Oh, yes, I just remember one scene from the Tamil movie Vaali that did have a terrifying scene, Ajith Kumar crumbling a piece of incriminating paper and supposedly swallowing it, and the terror the director brings out in the eyes of Simran. Those who think Simran is all S(l)imran, please take in some other movies of hers that do exhibit her acting prowess. That was an aside. Reverting to the main theme, Indian cinema matches what Bond offers. Score stays still.

The opening (in color) nonsensical scene of Casino Royale goes beyond, in my mind anything that Indian movies can even ever imagine. The stupidity is so unimaginably stupefying. Here, the hired-hand of the villain tries not to be killed by Bond, and what all does he do?

Starts off at the ground level, climbs up a multi-storey steel structure using bare hands, jumps from the top onto the top of the boom of a crane, runs straight on the narrow ledge at that height, jumps to another crane, and, get this, jumps back into the ground even as the chase continues. Why could the sequence not have been done at ground level all through? You see a similar thing in another movie, the chased and the chaser climb up to run on roofs. Stupidity is contagious.

Obviously the sequence is for instant gratification for Bond fans, but it missed me. I have not seen such a sequence of stunts in any Indian movie. Yes, the stunts are terrific. Yet, I cannot forget the nagging, “Why?” question. The answer is, to spread the audacity of the scene to other potential audience for the movie. Talking points, anyone? Bond scores double negative on this. The score now is negative one (1–2 = –1) on Bond.

 Bond movies are, I have mentioned in a post earlier, suckers for stereotypes–Caribbean islanders are Voodoo lovers; East Indians are highly superstitious; South Americans  are murderers and rapists (Donald Trump may have got this talking point from Bond films); East Europeans and Russians lack neocortex–the seat of higher order thinking like analysis, in their brains, with a few exceptions.

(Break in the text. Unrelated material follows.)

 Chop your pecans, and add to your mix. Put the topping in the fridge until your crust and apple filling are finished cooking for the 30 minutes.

Indian movies are no slouches here. Here, it is more like stereotyping within the various regions of the nations–south Indians are honest/gullible (I was told that finding a place to live in Delhi, circa early 1990s, would not be very difficult for me as the landlords are well disposed towards South Indians); North Indians are pawn chewing dirty people–I would have believed this in 1976 when I went to Kanpur; in Delhi, Bengalis are unbearably parochial (as though other people are not); office secretaries and nurses are Keralites, and so on. The score remains at –1.

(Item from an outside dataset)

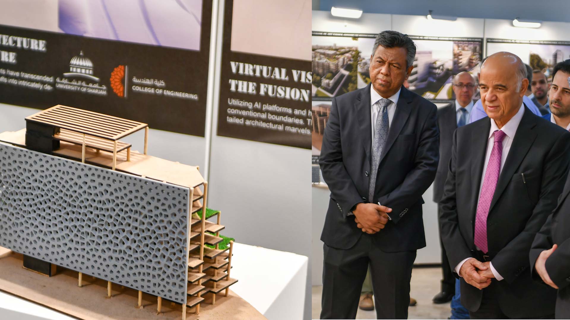 من منطلق تشجيع الطلبة على تجربة التقنيات الحديثة ودمجها في العملية التعليمية بهدف الابتكار واستشراف المستقبل، افتتح الأستاذ الدكتور حميد مجول النعيمي، مدير جامعة الشارقة معرض "رؤية مستقبلية: الهندسة المعمارية المدعومة بالذكاء الاصطناعي"، والذي نظمه قسم الهندسة المعمارية بكلية الهندسة، بمشاركة 25 طالباً وطالبة من طلبة السنة الثانية للقسم لعرض مجموعة كبيرة من التصاميم المعمارية المبتكرة والرسومات المرئية الواقعية ومقاطع الفيديو الذكية، وذلك بمقر كلية الهندسة، بحضور الأستاذ الدكتور عبد الوهاب بن محمد، عميد كلية الهندسة، والأستاذ الدكتور عماد مشتهى، رئيس قسم الهندسة المعمارية، والدكتور عارف مقصود المشرف العام على مشاريع الطلبة.
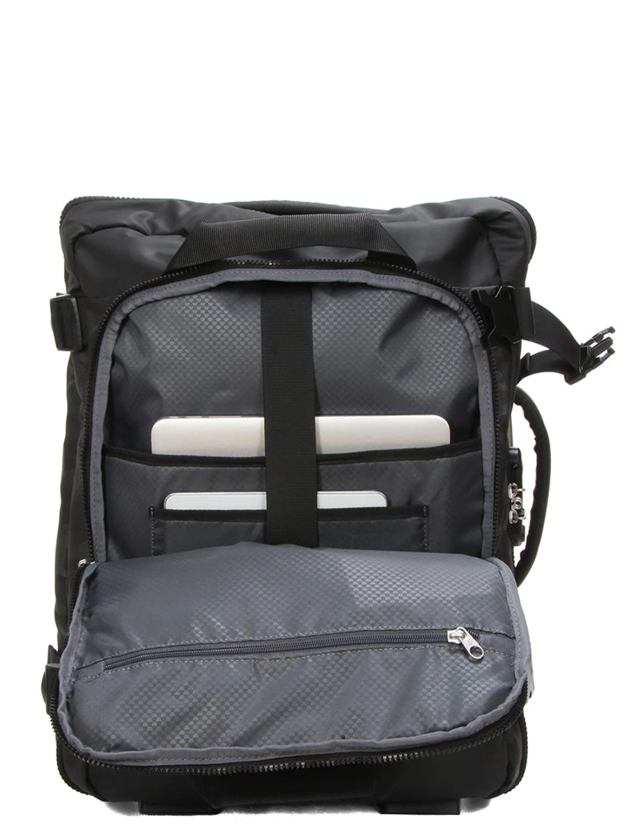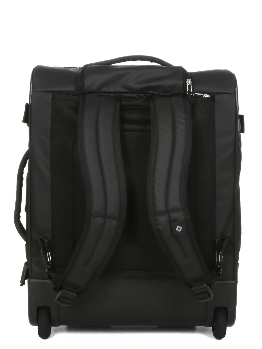 Le sac de voyage à roulettes sac à dos Samsonite Midtown 55 cm – Poche Frontale plaira aux nomades qui souhaitent trouver un allié pour tous leurs périples aussi bien dans les longs couloirs d’un aéroport qu’en transit pour 2 h dans une ville inconnue. Pour ce faire, il peut tout aussi confortablement être tracté que porté dans le dos ! Il est en plus agencé de manière astucieuse pour transporter avec soin du linge et du matériel informatique. Sa fabrication qualitative et éco-responsable mêle polyester recyclé et polyester enduit pour allier robustesse, légèreté et respect de l’environnement – encore un bon point pour ce bagage très versatile !

There is one thing though that ranks Bond movie one point higher. The stunts, to the extent they are shown, do not violate laws of physics. In Indian movies stunts without violation of physical laws do not exist. Antagonists fly around like moth  around fire when slapped/slammed/punched by the protagonist.

The score comes out even in my analysis. Just enjoy the violence in movies, Bond and Indian. That could satiate people’s hunger for violence.

Raghuram Ekambaram   

 

2 comments:

Tomichan Matheikal said...

I hardly watch movies. At any rate, I find violence abhorrent even on the screen.

mandakolathur said...

I was aware how severely you dislike violence on the screen (it goes without saying, the feeling would be more severe in real life). As regards the movie Rowdy Rathore, you just openede yourself up,in an, I think, a one-on-one conversation, you hated the movie at least because of the unrelenting scenes of violence in it. I have seen it, and I do not disagree with you - it was gratuitous. Yet, I have a different take. Within the story line, I always wish all issue are sorted out amicably. Yet, when I watch the movie, the unreality of the scenes come to the fore and I even forget the story line! It is not that I enjoy violence. But, I do think hard on how unrealistic the scenes have to be to interest the masses. This level of unreality is far less in Bond movies. Yet, one appreciates the development of the story (except in the most recent offering, "No Time to Die"). By the way, I stopped going to cinema halls in 2004, and the movie was The Forgotten Hero: Netaji Subhash Chandra Bose.